Steven Drizin, co-director of the Center on Wrongful Convictions at Northwestern University, has represented several people accused of felony murder.

“The felony murder rule has a lot of mischief attached to it,” Drizin said. “It imposes punishments that do not fit the crime for a lot of accomplices.”

Last January, Illinois legislators changed the state’s felony murder statute as part of the landmark criminal justice reform bill known as the SAFE-T Act, short for the Illinois Safety, Accountability, Fairness, and Equity-Today Act. The law removed the possibility that prosecutors charge defendants with murder in cases when a third party who was not involved in the felony, such as a homeowner or a police officer, is responsible for the killing.

Advocates say the reform didn’t go far enough.

If the new law had been in place in 2001, prosecutors couldn’t have charged Berry for Young’s murder, but he could have still faced charges for the death of James, the homeowner.

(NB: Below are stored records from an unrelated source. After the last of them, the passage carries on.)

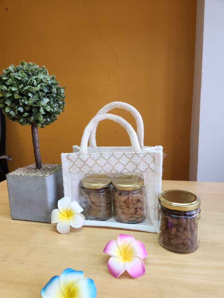 Custom Logo Jute Hamper Gift Bags with PVC Window, Eco-Friendly Reusable Packaging for Corporate Gifts, Jars, Bulk Wholesale
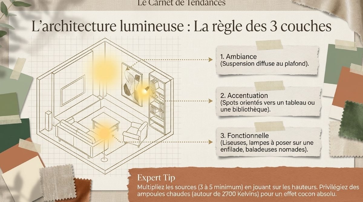 Le secret d’une atmosphère réussie réside dans la multiplication des points lumineux. Les professionnels recommandent au minimum trois à cinq sources de lumière différentes pour un salon de taille moyenne. On combine ainsi une lumière d’ambiance (suspension diffuse), un éclairage d’accentuation (spots orientés vers un tableau ou une bibliothèque), et des lumières fonctionnelles ou décoratives (liseuses, lampes à poser sur une enfilade, petites baladeuses nomades).
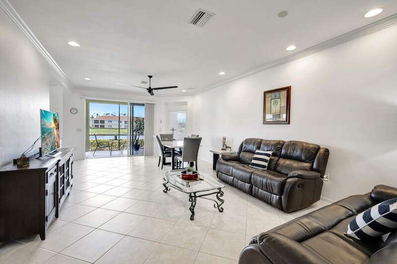 Exquisite Lakeside Luxury in Shadow Wood Preserve at a NEW IMPROVED PRICE! Step into refined elegance with this stunningly renovated residence in Bay Woods at Shadow Wood Preserve. This turnkey 2-bedroom + den, 2-bath luxury retreat offers a seamless blend of sophisticated design and breathtaking Western lake views, creating the perfect setting for captivating sunsets each evening. As you enter this first-floor end unit, natural light pours in, enhancing the expansive, open layout. Every detail has been meticulously curated, the crown molding and recessed lighting, elevating the ambiance with a timeless elegance. The chef's kitchen is a masterpiece of both form and function, featuring soft-close cabinetry and premium stainless steel appliances. The primary suite is a sanctuary of comfort, boasting two custom walk-in closets and contemporary furnishings and a luxuriously en-suite bath. The guest bath mirrors the same level of sophistication, ensuring an elevated experience for visitors. A versatile den with double doors provides the flexibility of a private home office or additional guest space. Step outside to a tranquil screened lanai with a wonderful outdoor living experience. The attached one-car garage and newer roof ensure both convenience and peace of mind. Nestled on a serene corner lot just steps from the community pool and spa, this residence offers an exceptional lifestyle. Shadow Wood Preserve's world-class amenities include a canoe/kayak launch, scenic nature trails, a fishing pier, tennis, pickleball, bocce, and more. HOA fees cover fiber-optic television, high-speed Wi-Fi, water, and insurance, while optional memberships to Shadow Wood Country Club provide access to 54 holes of championship golf, and The Commons Club offers private beach access, a state-of-the-art lifestyle center, and exquisite dining experiences. Ideally situated in the heart of Southwest Florida, just minutes from Coconut Point, pristine beaches, and RSW International Airport, this exceptional home presents an unparalleled opportunity to embrace the ultimate luxury lifestyle in SWFL.

Advocates want lawmakers to go further, so someone such as Berry, who didn’t anticipate that violence might happen and didn’t participate in the violence, could not be charged with murder.

“It’s still mind-blowing that I ended up getting a mandatory life sentence,” Berry said. “I’m not angry, but I know it’s wrong. I’m disappointed in the system.”

The SAFE-T Act also did not apply the felony murder reform retroactively. At least dozens of people are serving time in Illinois prisons on murder charges that likely wouldn’t have been filed if the crime happened today, according to an Injustice Watch analysis.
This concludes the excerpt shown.